Perdant scoffed. “You got along, that’s for sure. Everybody in cahoots. You can find more criminals here than ever were in the Bastille.”
“Turn here,” Jules said.
Perdant spun the wheel, turning the Citroën onto something that could hardly be considered a road. They bumped over rocks and roots, but Perdant seemed oblivious.
“And!” he continued, nearly shouting with frustration. “Not only are there Jewish children mixed in with the Protestants and Catholics at the homes and schools, but some of the teachers, cooks, and directors of the homes are Jewish, too. Those sweet little Protestant children in those pews on Christmas Day live with Jewish children in the children’s homes. But, like every other frustratingly silent person in this place, they keep their mouths shut. Maybe I didn’t know it then, but I figured it out, La Crapule, and now I’m on to all of them!”
Ahead, Jules saw a road going off to the left that, after the recent rains, was probably in pretty bad shape.

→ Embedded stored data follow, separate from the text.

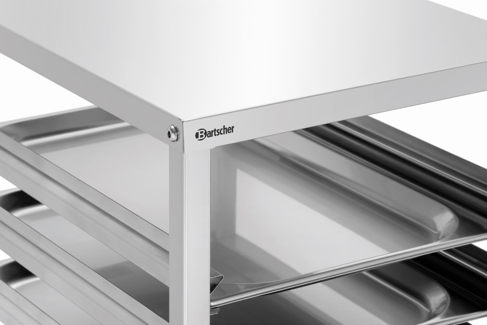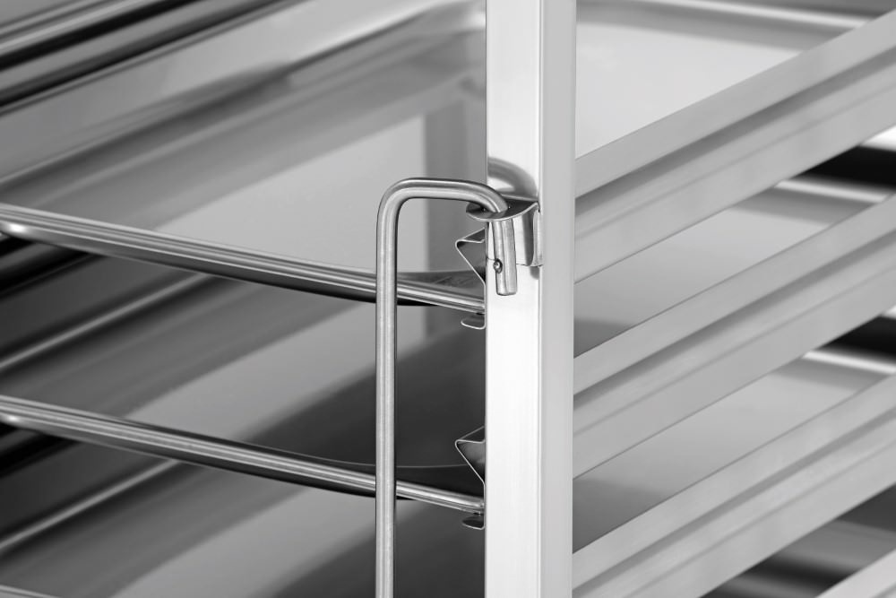 Clearing trolley with 7 slots and additional useful storage space. The container latch on both sides prevent the container from slipping.
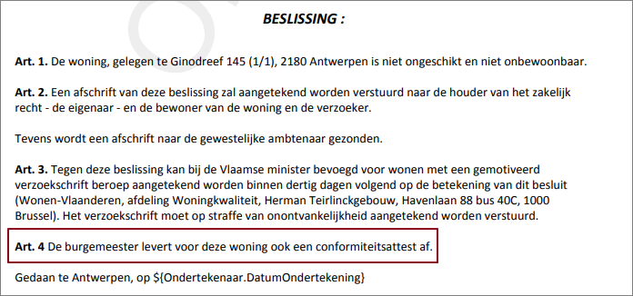 Indien geen herstelvordering op de entiteit rust en de entiteit niet is gemarkeerd als onvergunde domiciliekamer, voegt VLOK aan het document van de beslissing voldoet automatisch art. 4 toe om te melden dat de burgemeester voor deze woning ook een conformiteitsattest Wie een woning in Vlaanderen verhuurt, moet ervoor zorgen dat deze volledig in orde is en voldoet aan bepaalde normen. Het conformiteitsattest (CA) is een officieel document dat de gemeente aflevert en dat aantoont dat uw woning aan de woningkwaliteitsnormen voldoet. In sommige gevallen kan ook Wonen in Vlaanderen een conformiteitsattest afleveren. Om na te gaan of een woning conform, veilig en gezond is, voert een woningcontroleur van de gemeente of van Wonen in Vlaanderen een conformiteitsonderzoek uit. Hij controleert de woning aan de hand van een technisch verslag.De woning krijgt een conformiteitsattest als ze niet ongeschikt of onbewoonbaar is en voldoende rookmelders heeft. aflevert.
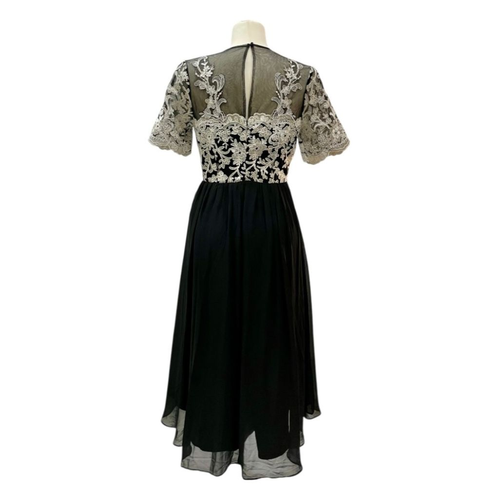 Sukienka ma elegancki, klasyczny krój z nowoczesnym akcentem. Góra wykonana jest z delikatnej koronki w kolorze białym z misternym, roślinnym wzorem. Koronkowa część ma półprzezroczysty dekolt oraz krótkie rękawki, co nadaje kreacji lekkości i subtelnej kobiecości. Od pasa w dół sukienka wykonana jest z lekkiej, zwiewnej tkaniny w kolorze czarnym. Spódnica ma asymetryczny krój – z przodu jest krótsza, a z tyłu dłuższa, co pięknie podkreśla sylwetkę i nadaje dynamiczny, szykowny wygląd podczas ruchu. Z tyłu sukienka jest zapinana na ukryty zamek i haftkę oraz mały guziczek przy szyi, który dopełnia eleganckie wykończenie górnej części. Całość wygląda bardzo szykownie, idealnie nadaje się na eleganckie przyjęcia, wesela czy wieczorne wyjścia.
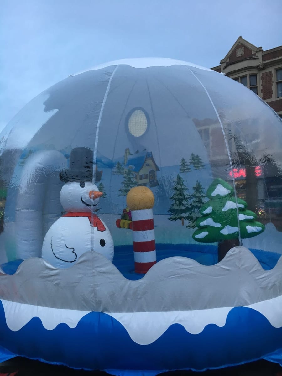 Here we have our inflatable Giant Snowglobe ideal for the perfect photo opportunity. The theme is set and we can even supply artificial snow to swirl inside this is great for any occasion including Christmas markets, corporate Christmas parties.
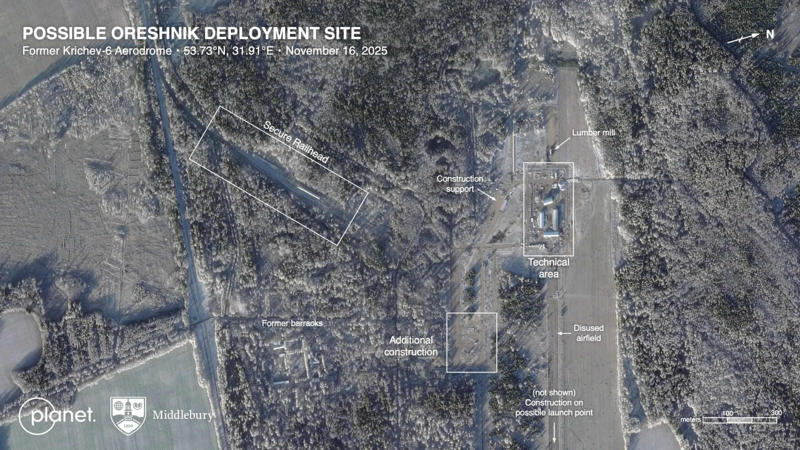Analysts affiliated with the Middlebury Institute of International Studies, including Dr. Jeffrey Lewis and colleagues Michael Duitsman and Decker Eveleth, identified the former Krichev-6 airfield in eastern Belarus as the likely location for the Oreshnik missile deployment. The site is situated just 4–5 kilometers from the Russian border in the Mogilev region.

“Turn left here,” he told Perdant.
“I didn’t know it then, but if I had arrested everyone at that Christmas service who was involved in illegal activities, I’d have had to arrest nearly the entire congregation. That stout lady who was sitting in the pew in front of me?” Perdant said. “I’ve seen her lugging cauldrons of soup to the parsonage, no doubt to help feed all the criminals passing through the pastor’s home. And it’s not just him! I bet all twelve of the pastors on the plateau are involved. On top of that, the farmers either have, are, or soon will be hiding Jews, labor service dodgers, and miscellaneous troublemakers.”
The car galumphed over a large rock.